[Task statement]: Stop at the line containing "Trong đó, cao": repeat exactly every line of the entries below from the first up to it, plus that line, with pictures omitted.

Extracted data entries
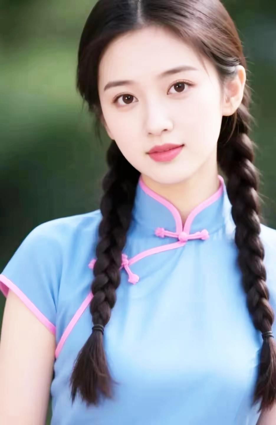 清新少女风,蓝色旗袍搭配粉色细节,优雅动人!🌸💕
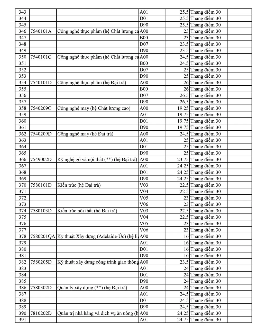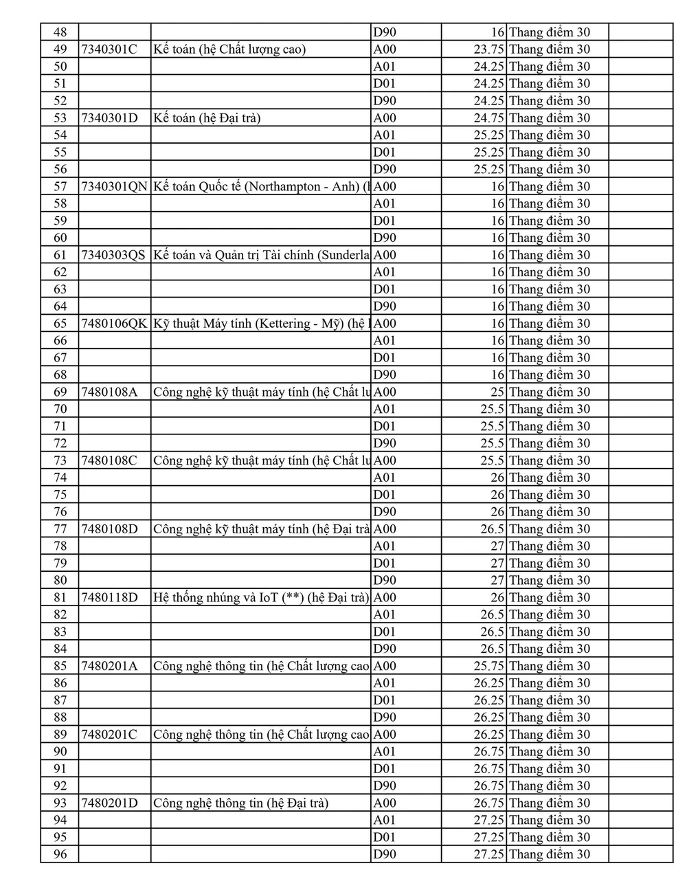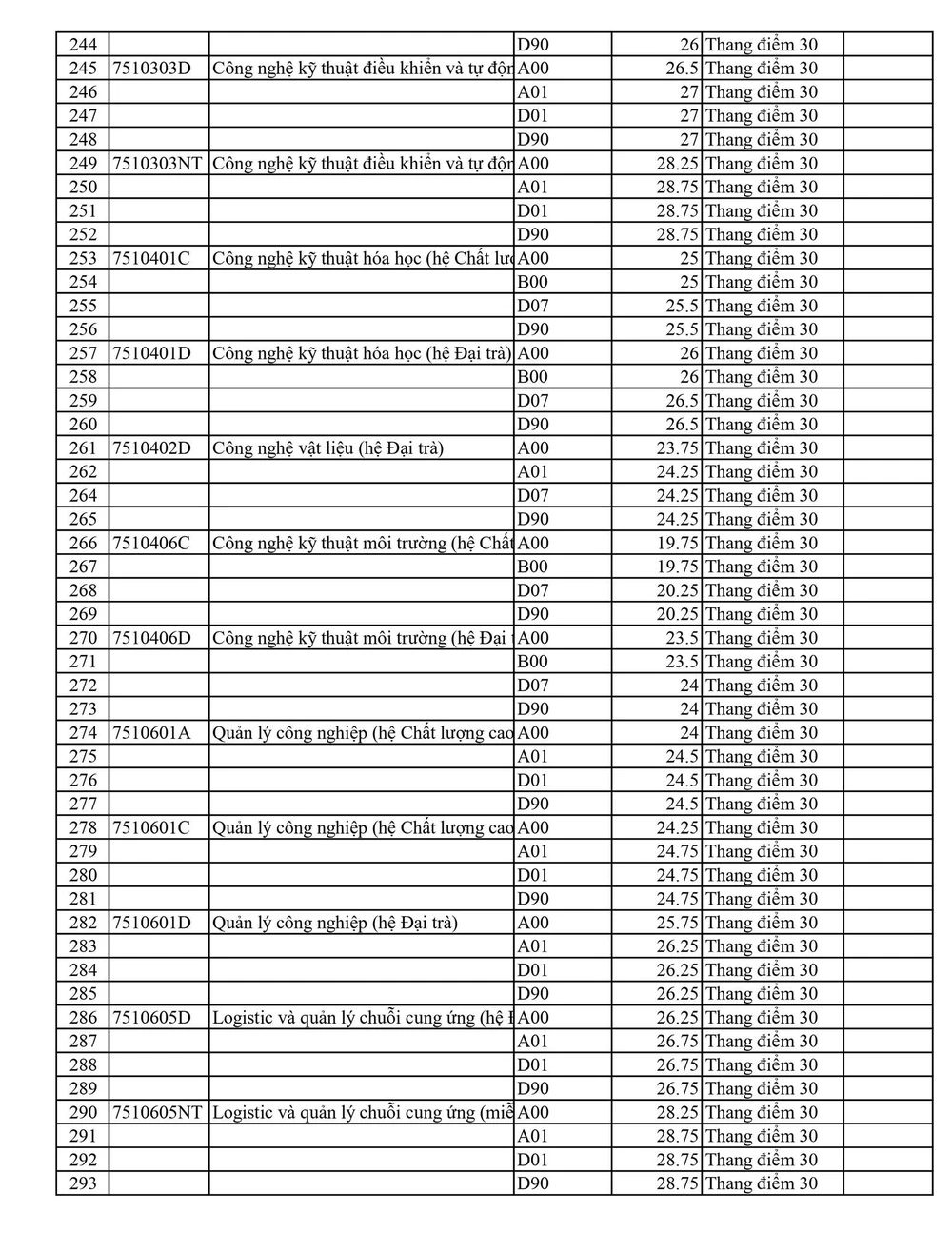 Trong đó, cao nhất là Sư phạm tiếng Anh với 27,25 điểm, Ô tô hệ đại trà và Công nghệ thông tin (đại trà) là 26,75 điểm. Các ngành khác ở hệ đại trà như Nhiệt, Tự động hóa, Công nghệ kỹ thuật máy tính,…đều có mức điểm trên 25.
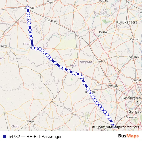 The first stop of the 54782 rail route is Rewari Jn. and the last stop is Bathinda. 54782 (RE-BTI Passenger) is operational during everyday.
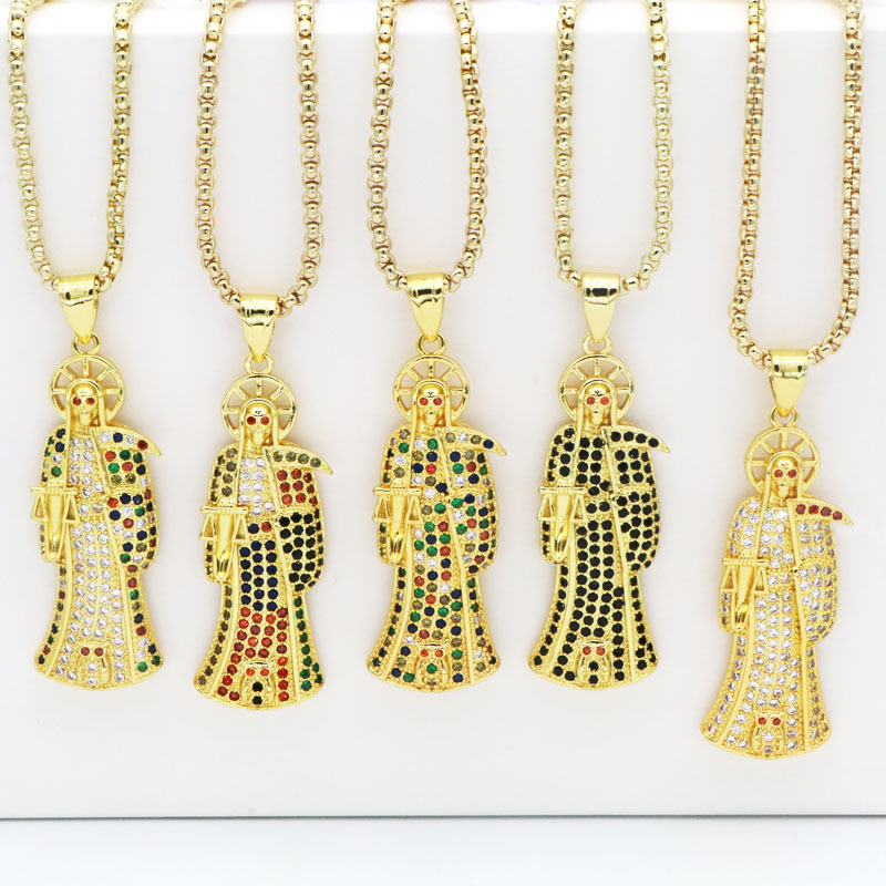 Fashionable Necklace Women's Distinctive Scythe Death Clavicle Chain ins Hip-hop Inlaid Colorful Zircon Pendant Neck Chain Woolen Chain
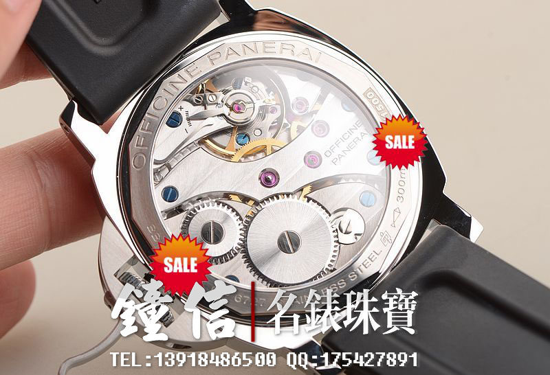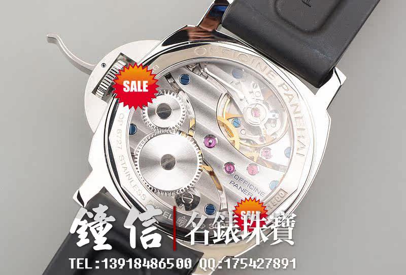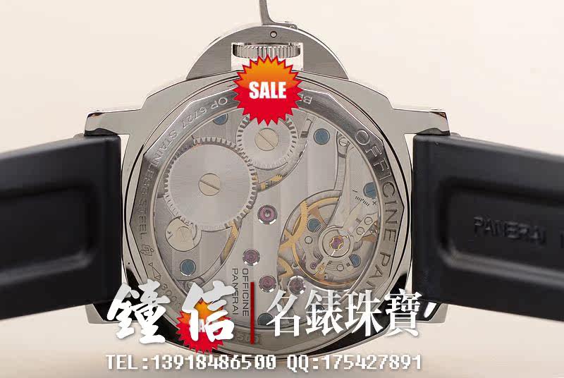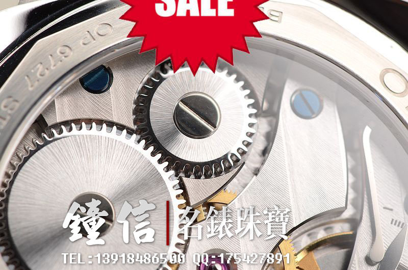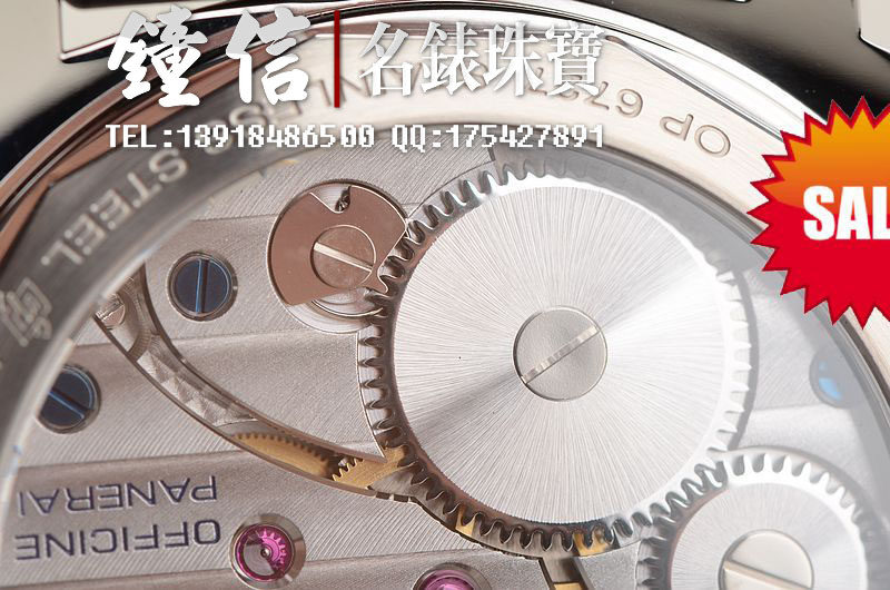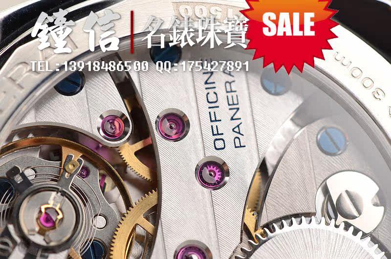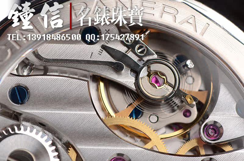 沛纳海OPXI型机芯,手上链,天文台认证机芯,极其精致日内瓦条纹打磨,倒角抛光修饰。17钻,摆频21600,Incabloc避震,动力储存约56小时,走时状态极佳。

[Result of this task]:
 清新少女风,蓝色旗袍搭配粉色细节,优雅动人!🌸💕
 Trong đó, cao nhất là Sư phạm tiếng Anh với 27,25 điểm, Ô tô hệ đại trà và Công nghệ thông tin (đại trà) là 26,75 điểm. Các ngành khác ở hệ đại trà như Nhiệt, Tự động hóa, Công nghệ kỹ thuật máy tính,…đều có mức điểm trên 25.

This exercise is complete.